• [GIVEN INFORMATION]:
◇ ◇ ◇ ◇ ◇ ◇ ◇

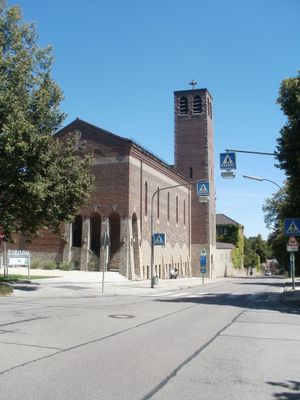 La Pallottinerkirche est un bâtiment de pierre de taille considérable avec des éléments architecturaux traditionnels bavarois présentant des façades soigneusement travaillées. L'intérieur est éclairé par de grandes fenêtres et montre une disposition spatiale avec un chœur clairement délimité et une nef principale.
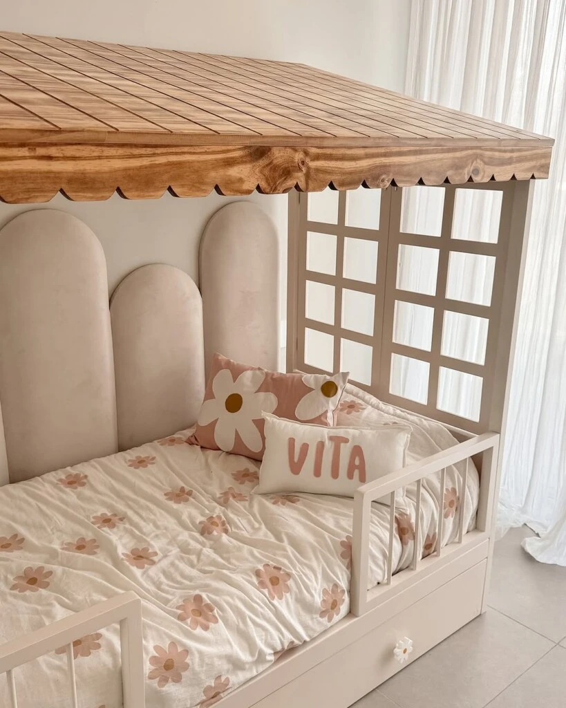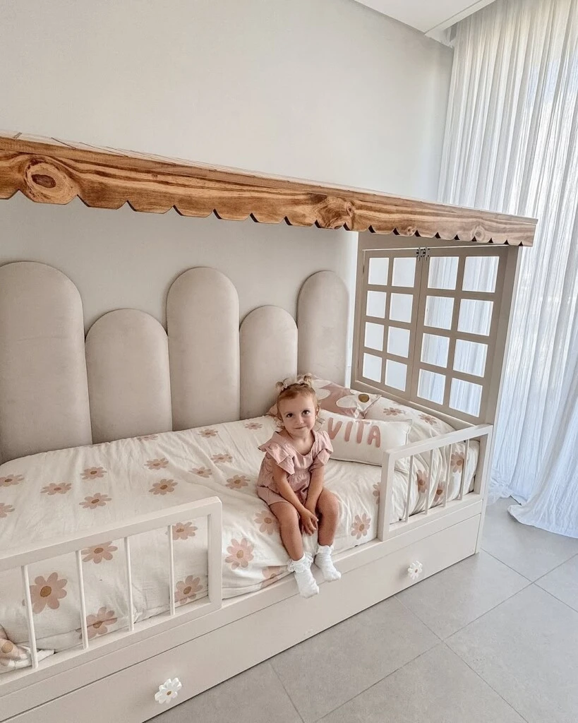 El estilo de la decoración es fresco y acogedor, ideal para una habitación infantil. Y la cama se destaca por tener un techo de madera clara, lo que le da un aire lúdico y agradable a este ambiente. Además, esta estructura también incluye paneles con ventanas, un toque único y divertido.
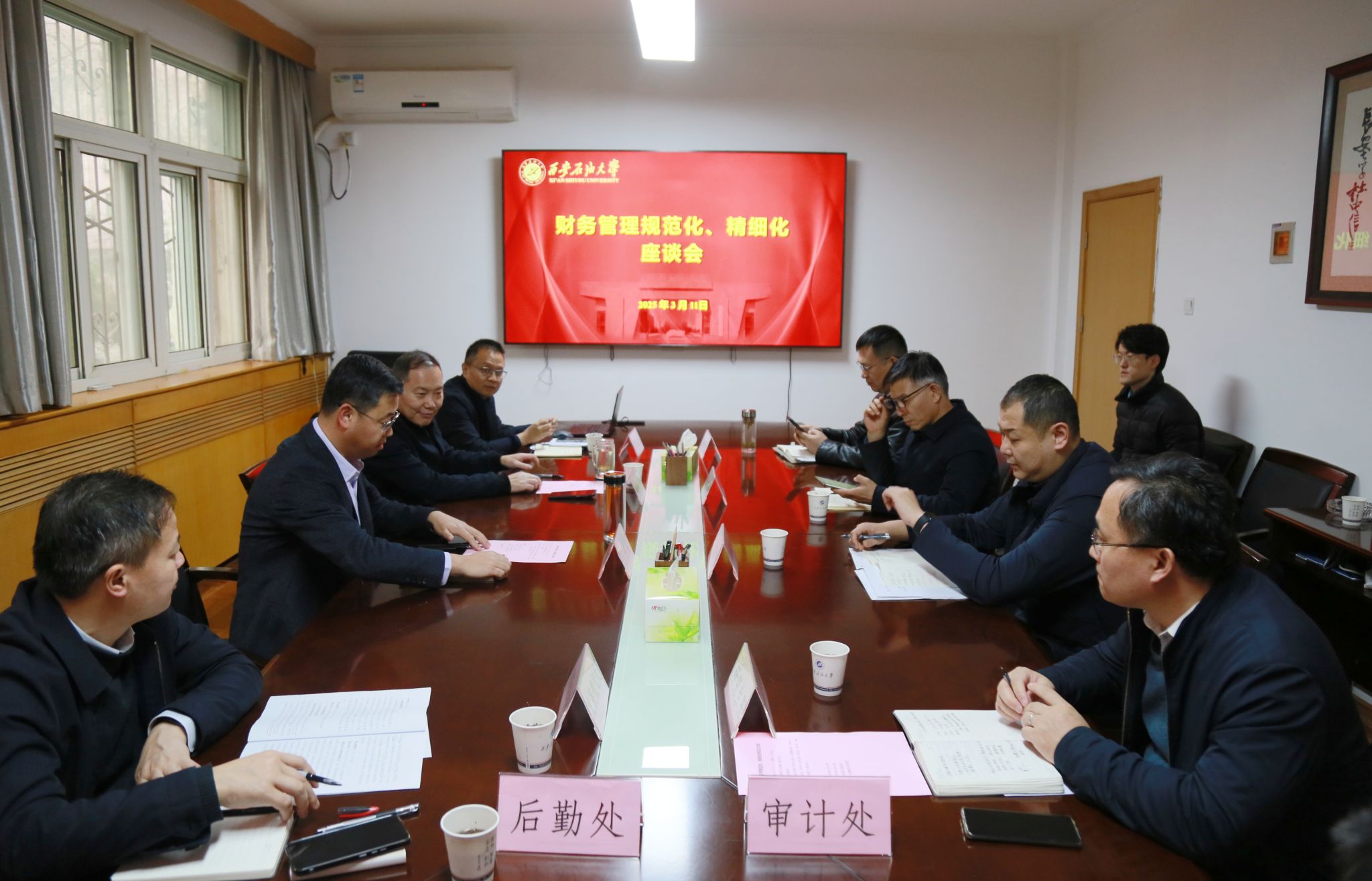 2025年3月11日,學(xué)校財(cái)務(wù)管理規(guī)范化、精細(xì)化座談會議在雁塔校區(qū)行政樓二樓會議室召開。會議由校長王進(jìn)富主持,黨委辦公室(校長辦公室)、發(fā)展規(guī)劃處、人事處、教務(wù)處、科研處、研究生院、財(cái)務(wù)處、審計(jì)處、后勤處主要負(fù)責(zé)人參加會議。

◇ ◇ ◇ ◇ ◇ ◇ ◇

• [WHAT IS EXPECTED]: Apart from the pictures, all of the data must be duplicated exactly as shown above.

• [YOUR RESPONSE]:
 La Pallottinerkirche est un bâtiment de pierre de taille considérable avec des éléments architecturaux traditionnels bavarois présentant des façades soigneusement travaillées. L'intérieur est éclairé par de grandes fenêtres et montre une disposition spatiale avec un chœur clairement délimité et une nef principale.
 El estilo de la decoración es fresco y acogedor, ideal para una habitación infantil. Y la cama se destaca por tener un techo de madera clara, lo que le da un aire lúdico y agradable a este ambiente. Además, esta estructura también incluye paneles con ventanas, un toque único y divertido.
 2025年3月11日,學(xué)校財(cái)務(wù)管理規(guī)范化、精細(xì)化座談會議在雁塔校區(qū)行政樓二樓會議室召開。會議由校長王進(jìn)富主持,黨委辦公室(校長辦公室)、發(fā)展規(guī)劃處、人事處、教務(wù)處、科研處、研究生院、財(cái)務(wù)處、審計(jì)處、后勤處主要負(fù)責(zé)人參加會議。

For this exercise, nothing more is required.